Data extract below:

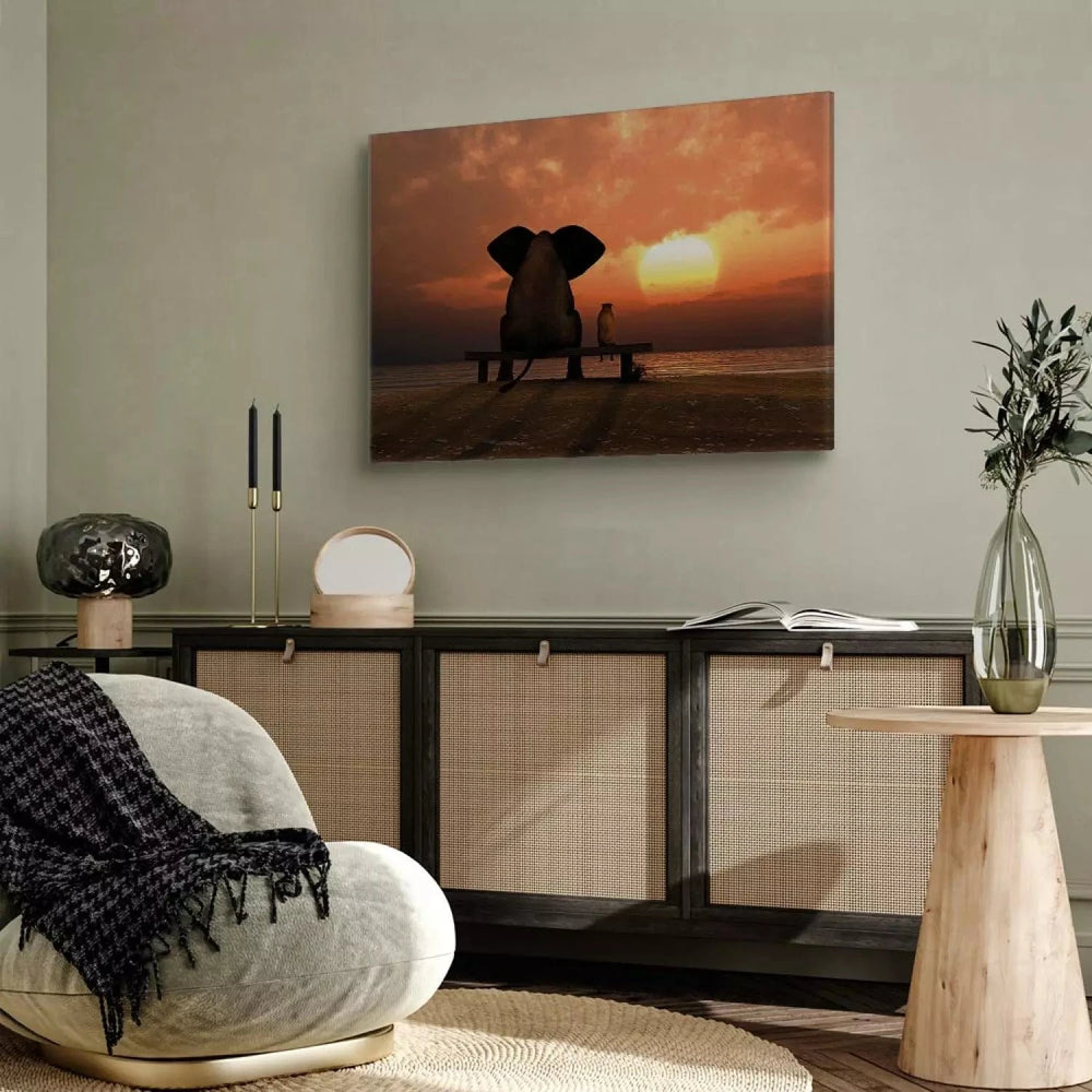 Kanva - Vakaras atpūta, 90502 - zilonis skatās uz saulrietu G-ART
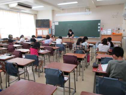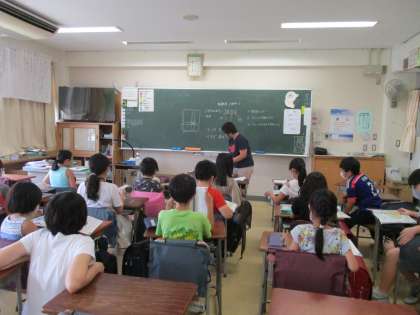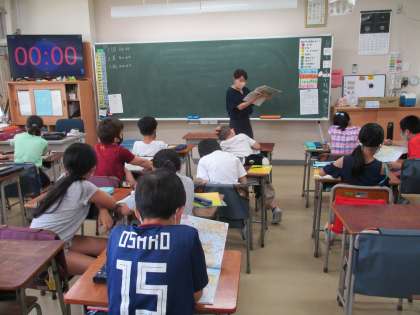 地図博士を目指して、地図帳の地図の中から、指示された情報を素早く探そうとしています。索引を使った探し方も教わり、調べてみたいことを出し合って、実際に索引で引いて調べています。
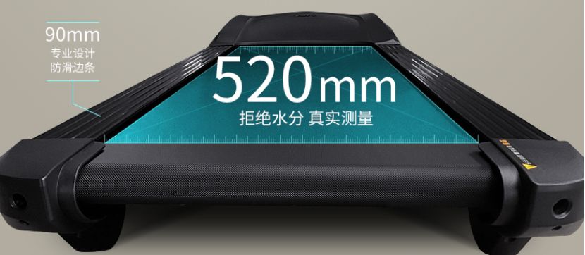 这里提醒一下,跑带宽度和跑台宽度是不一样的。同时我也建议要购入带扶手的跑步机必须考虑更宽的跑带,因为跑步会伴随甩臂等动作。不仅是跑带宽度,跑带长度也需要考虑进来,面积过小会让人跑步畏畏缩缩的,跑不畅快。

End of Data extract.

## Task instructions
The copy should hold exactly the lines from the line containing "地図博士を目指して、地図帳の" through the end of the data, both ends included, and no pictures.

## Exercise output
 地図博士を目指して、地図帳の地図の中から、指示された情報を素早く探そうとしています。索引を使った探し方も教わり、調べてみたいことを出し合って、実際に索引で引いて調べています。
 这里提醒一下,跑带宽度和跑台宽度是不一样的。同时我也建议要购入带扶手的跑步机必须考虑更宽的跑带,因为跑步会伴随甩臂等动作。不仅是跑带宽度,跑带长度也需要考虑进来,面积过小会让人跑步畏畏缩缩的,跑不畅快。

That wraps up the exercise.